Зачем ей было это знать? Я ответила нехотя:

— В краеведческом музее.

Она удивилась:

— Это ведь не очень высокий пост?

— Да. Довольно скромный. А что?

— Нет, ничего. Знаете, — сказала Феврония сердечно, — иногда я верю, что вы хорошо ко мне относитесь. И мы вполне могли бы стать подругами. Но потом я опять не понимаю, что с вами происходит.

— Если бы я сама это знала.

— Я слыхала, что с людьми искусства трудно жить вместе, — сказала Феврония.

— Наверное.

Она хотела знать, почему так получается.

— Этого я не могу вам объяснить.

— Они слишком высокого мнения о себе. Но им было бы полезно иногда прислушиваться и к мнению народа.

— Вот видите, — сказала я ей. — Вы прекрасно на все отвечаете сами.

И Феврония обиделась. Я не стала объясняться. Время, отведенное на Помпеи, тоже чего-нибудь стоило, и не следовало бросать его на ветер.

Помпеи на девятнадцать столетий были похоронены под пеплом и лавой. Теперь же сюда являлись как на театральное представление. Подъезжали к воротам в роскошных лимузинах и машинах попроще. Всему миру требовалось знать о Помпеях. Мир хотел обязательно увидеть пса в смертной судороге, помпейские Торговый Дом и лавочки. Баню и театр.

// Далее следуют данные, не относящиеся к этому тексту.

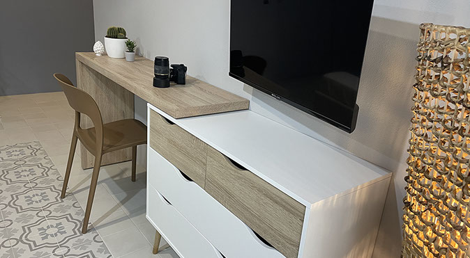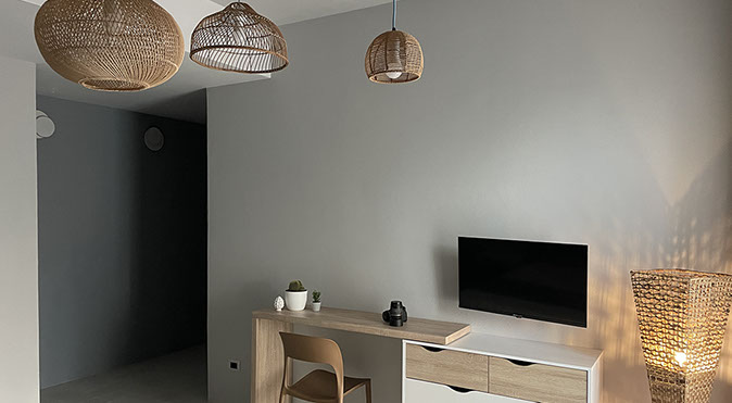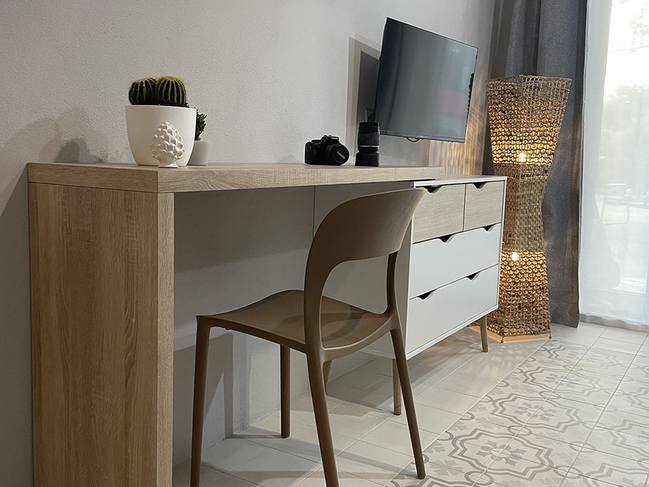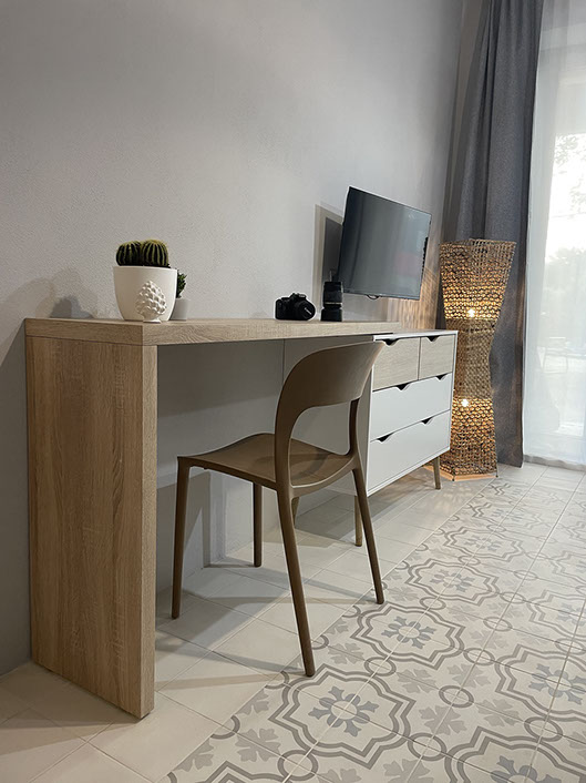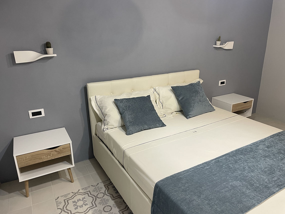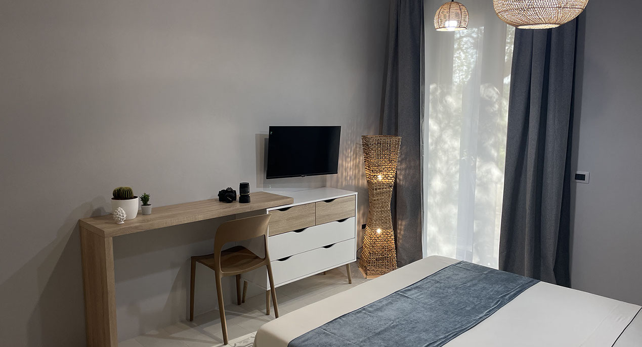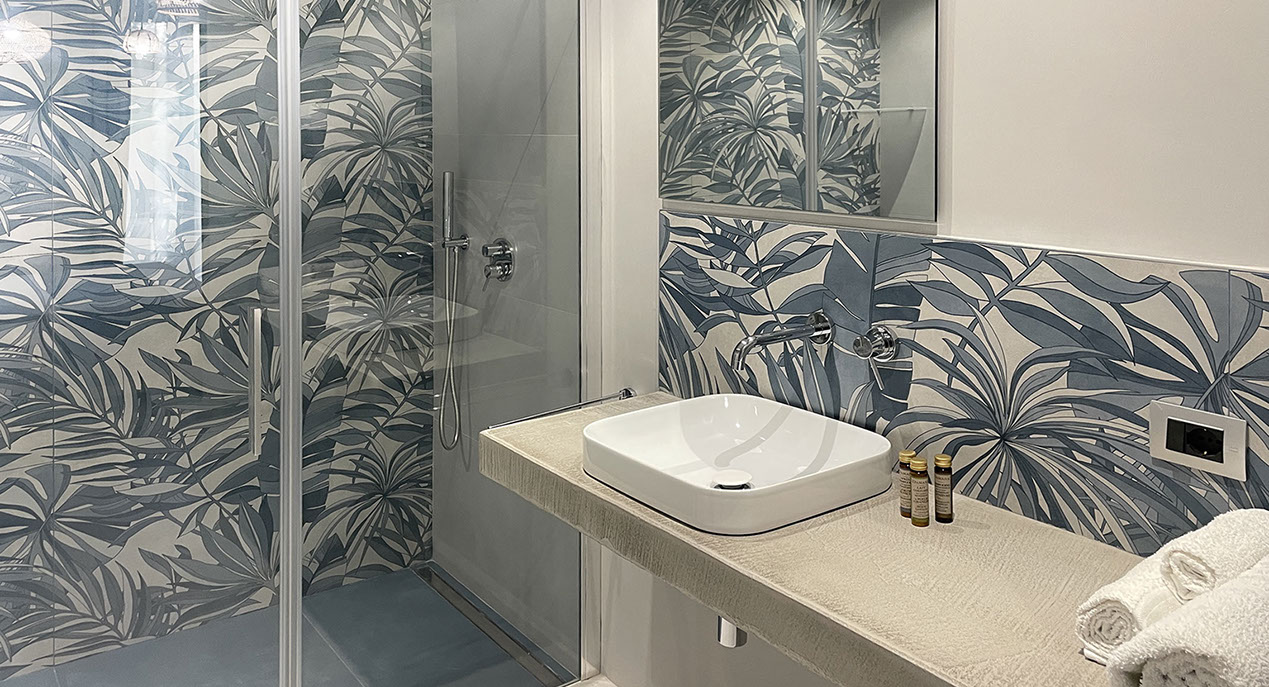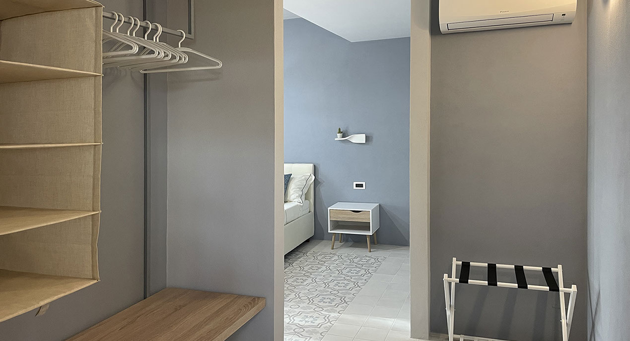 Ogni dettaglio è pensato per evocare la freschezza e la serenità del mare; le pareti sono decorate con tonalità di azzurro e sabbia, mentre gli arredi richiamano elementi marini, creando un'atmosfera accogliente e rilassante.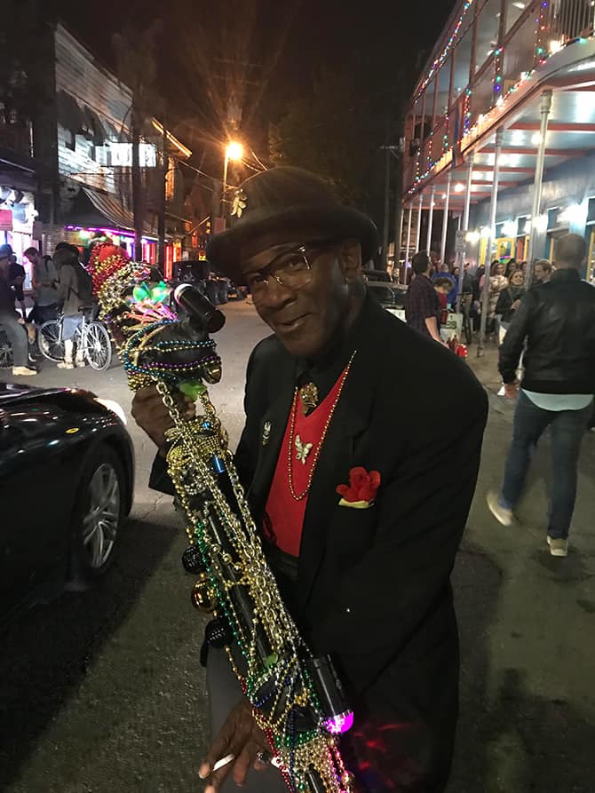 These days, Debbie’s performances primarily happen in the classroom, where she incorporates guitar and song into her third-grade curriculum. Debbie, a public school teacher of 29 years, fantasizes about moving to The Big Easy after retirement and subsidizing her recently controversial teaching pension with busking money. As a brand new teacher 28 years ago, Debbie packed up her guitar and drove her beat-up car, covered in Grateful Dead stickers, to New Orleans for her first spring break as a new teacher. She spent the week earning extra cash performing on the street in high-tops and tie-dyed shirts. For her most recent spring break Debbie returned to her favorite city, this time with her 18-year-old daughter in tow.“I’ve taken my kids to the beach, and it is so relaxing to read your book in the sand, but New Orleans brings you alive. If I’m someplace else, I just don’t have as much fun.”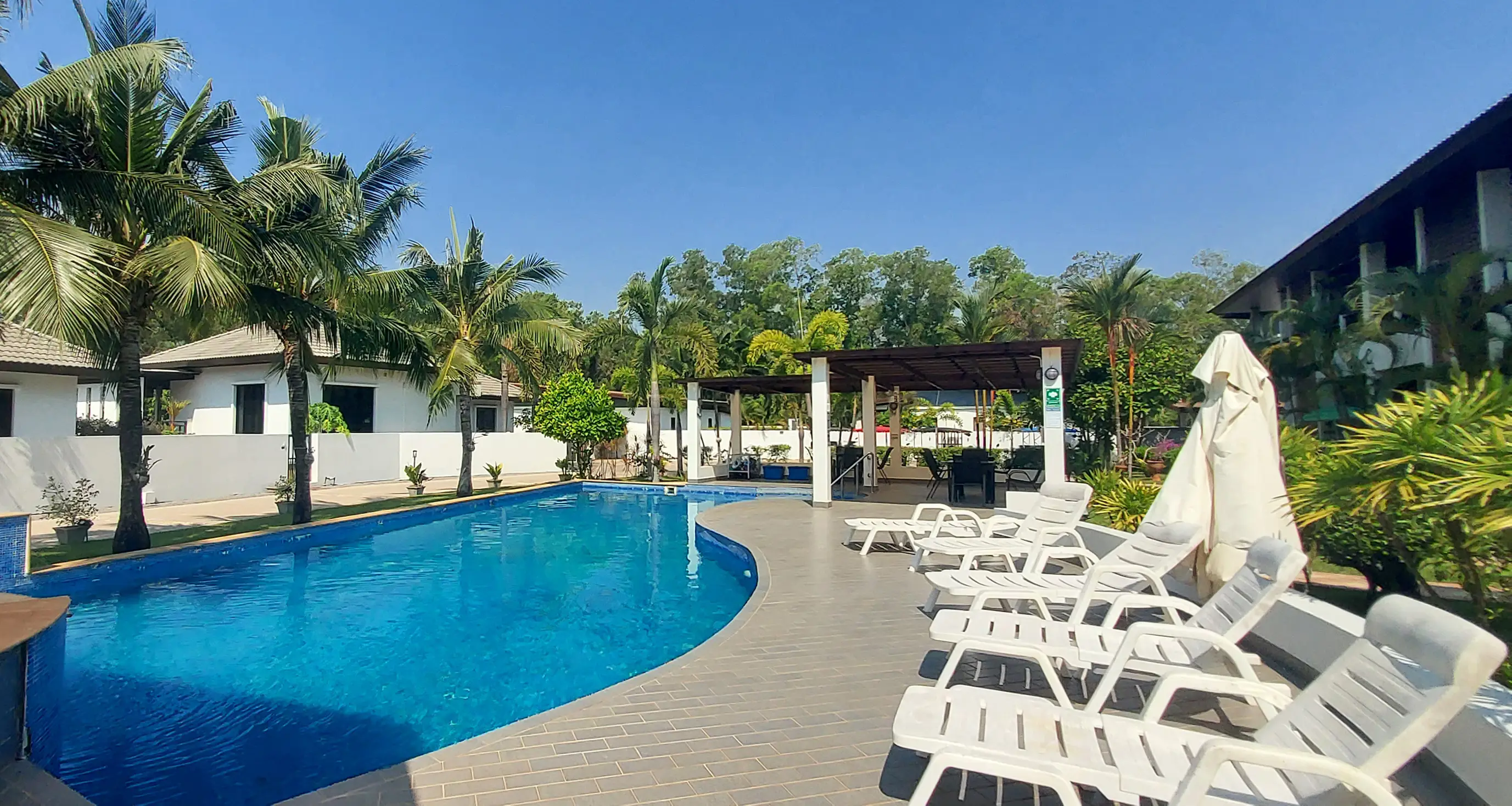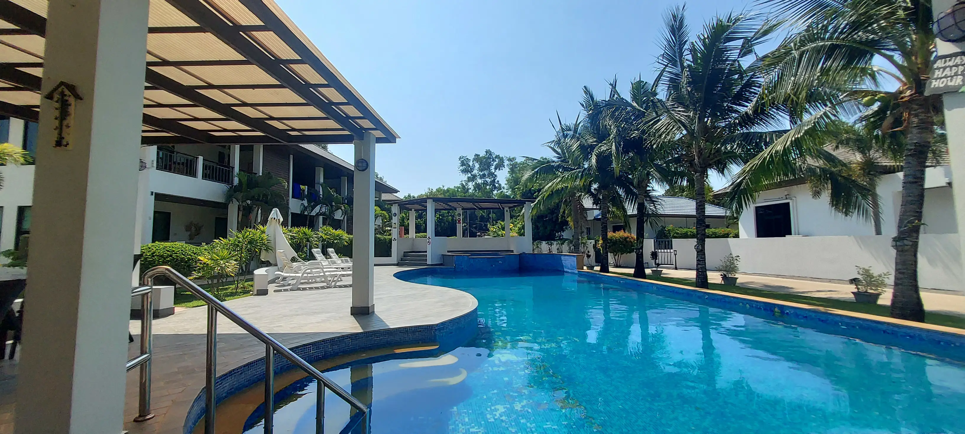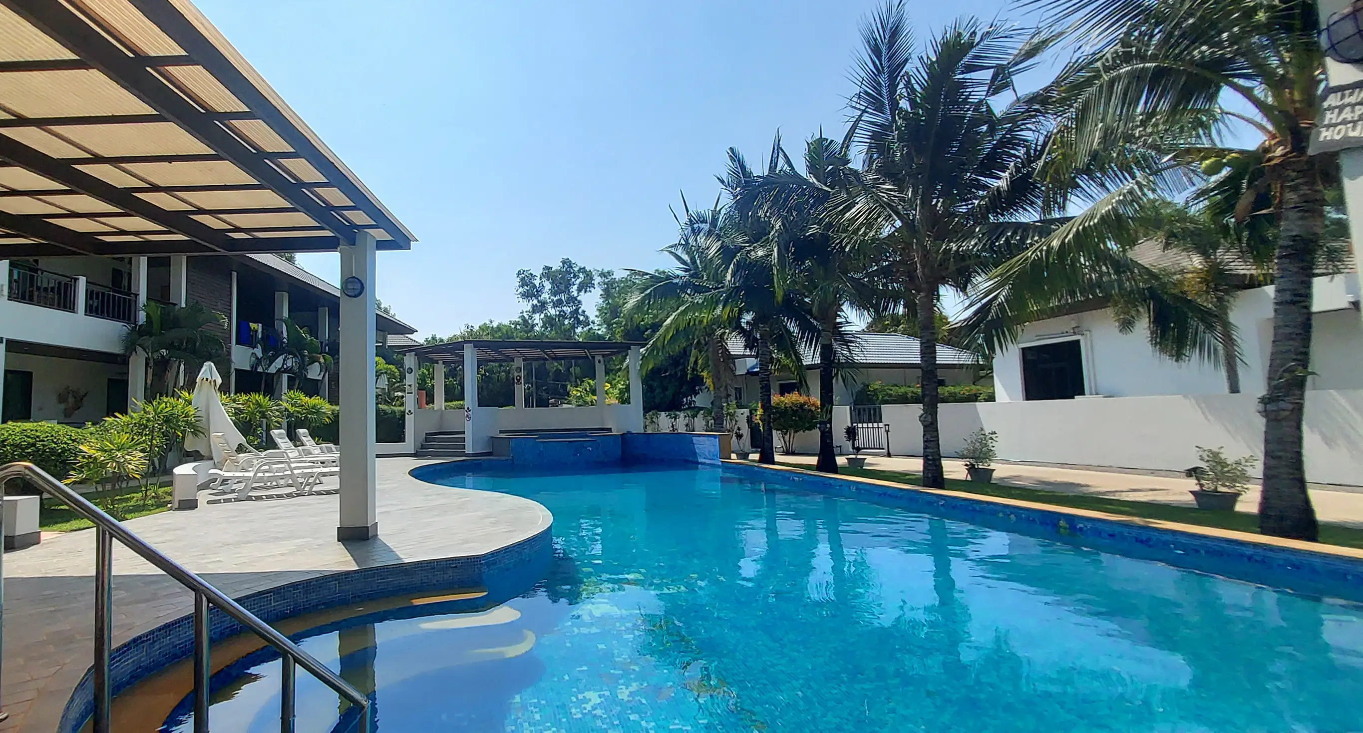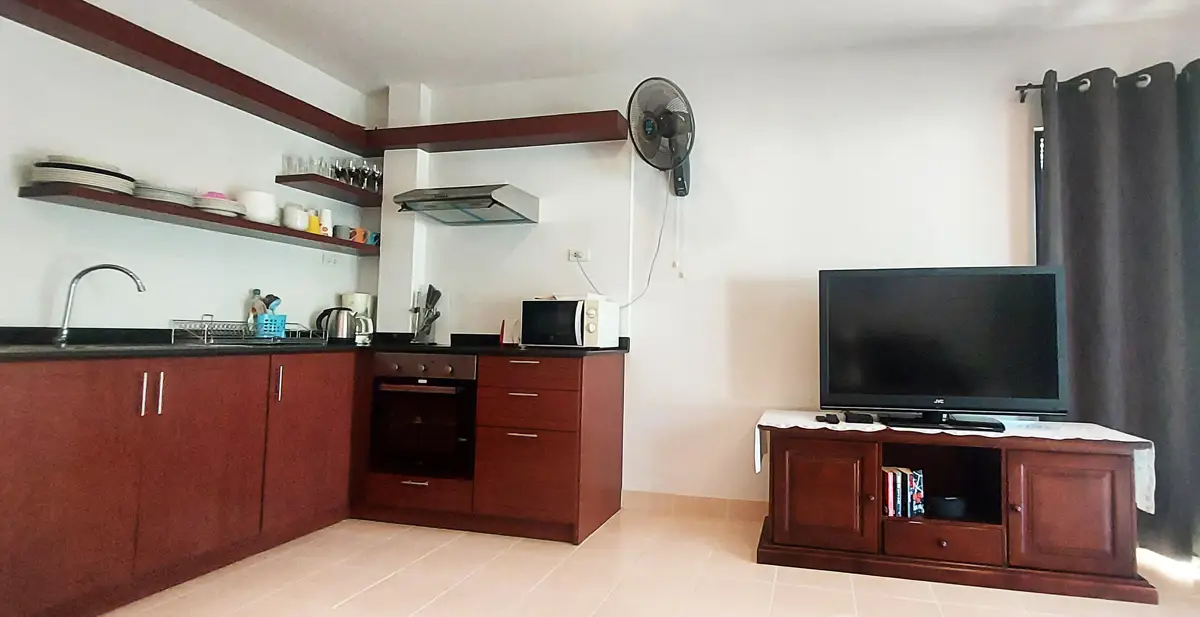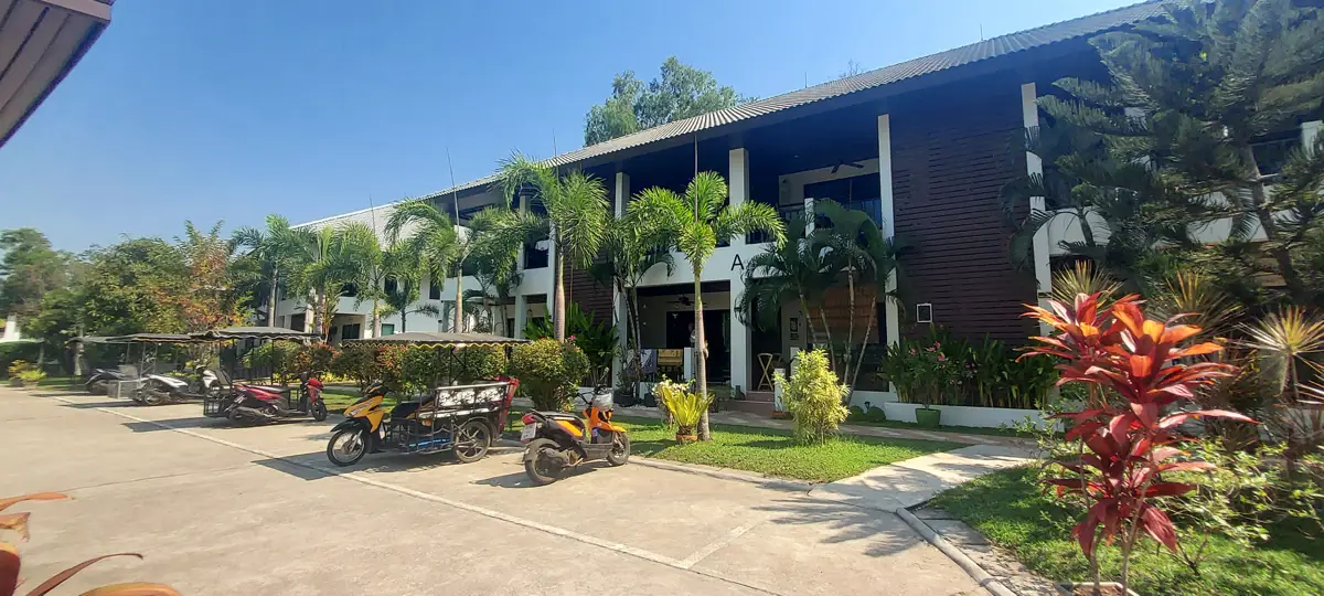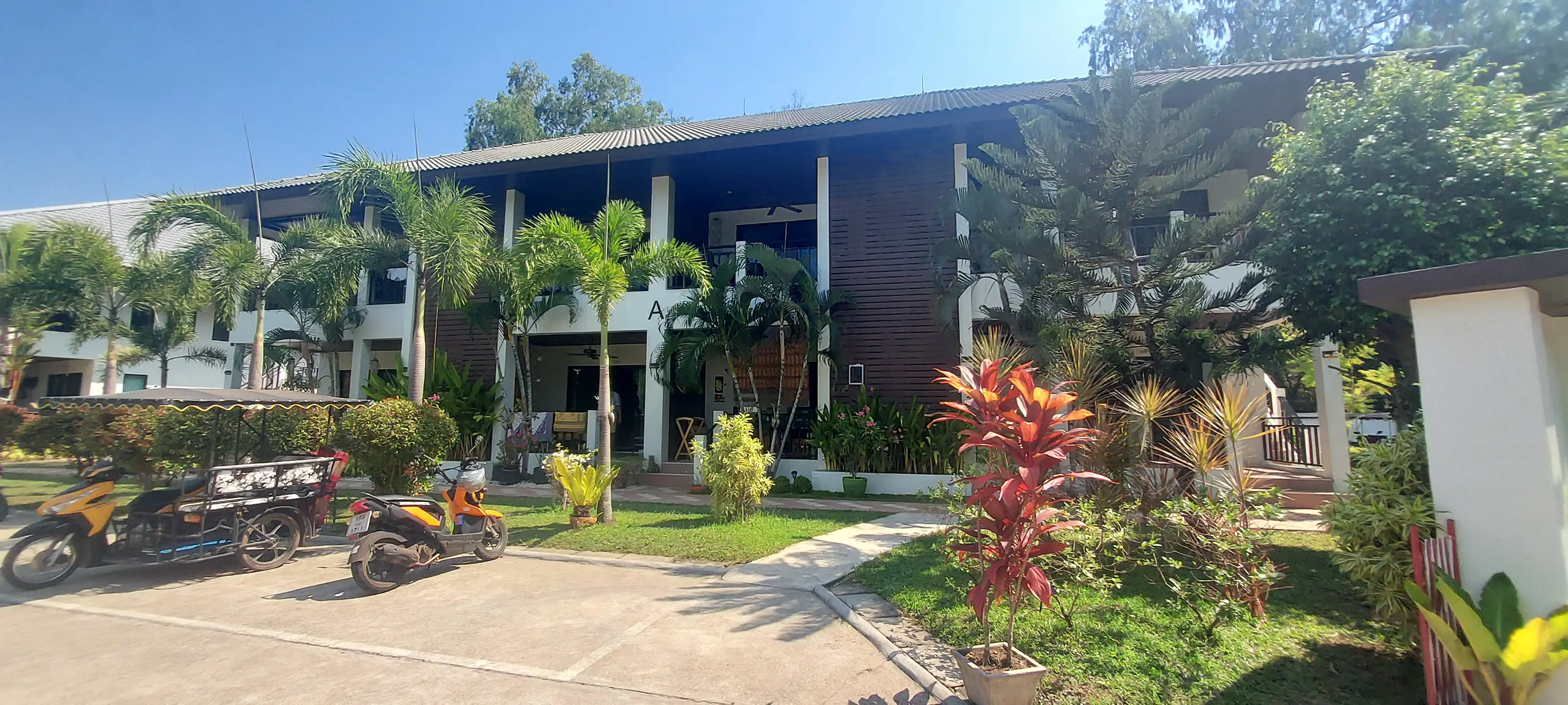 Palm Leaf Condominium consists of 3 2-storey houses with 8 condos in each. So a total of 24 condos with living areas of 47 sq m (1 bedroom) and 70 sq m (2 bedrooms). There are also 6 detached villas and in the center a large lovely pool area with jacuzzi and barbecue area. The pool is a freshwater pool, but will soon become a saltwater pool.

Что касается театра, то при Нероне в Помпеях на десять лет запретили игры гладиаторов, поскольку во время одного представления вспыхнуло восстание. В те времена устраивали зрелища для того, чтобы отвлечь внимание народа от будничных трудностей жизни и вытеснить из мозгов недовольство. Видимо, дела Нерона были незавидными, если даже увеселительное заведение взбунтовалось.

Я думала, что pedotto тоже упомянет об этом. Но нет. Да и откуда ему, молодому человеку, знать историю своей страны, если в разные периоды истории ее трактовали по-разному в зависимости от интересов текущей политики.

Весь мир приезжает сюда, в Помпеи. Люди хотят своими собственными глазами увидеть обуглившуюся ковригу хлеба. Яичную скорлупу. Медицинские инструменты и швейные иглы.

И вдруг мною овладела безумная ревность. Я подумала снова о том же самом, о чем думала в Неаполе. Что достоинства эстонского народа известны только эстонцам. Ни его таланты, ни его трудолюбие не смогли привлечь к нему внимания, какое он заслужил, а вот раскопки из-под лавы или появление из-под растаявшего ледника могли бы вызвать к нему интерес и заставить разыскивать на географических картах. Но этого я не решилась пожелать своей родине. Может быть, это даже испугало бы ее, если бы вдруг возник столь большой интерес.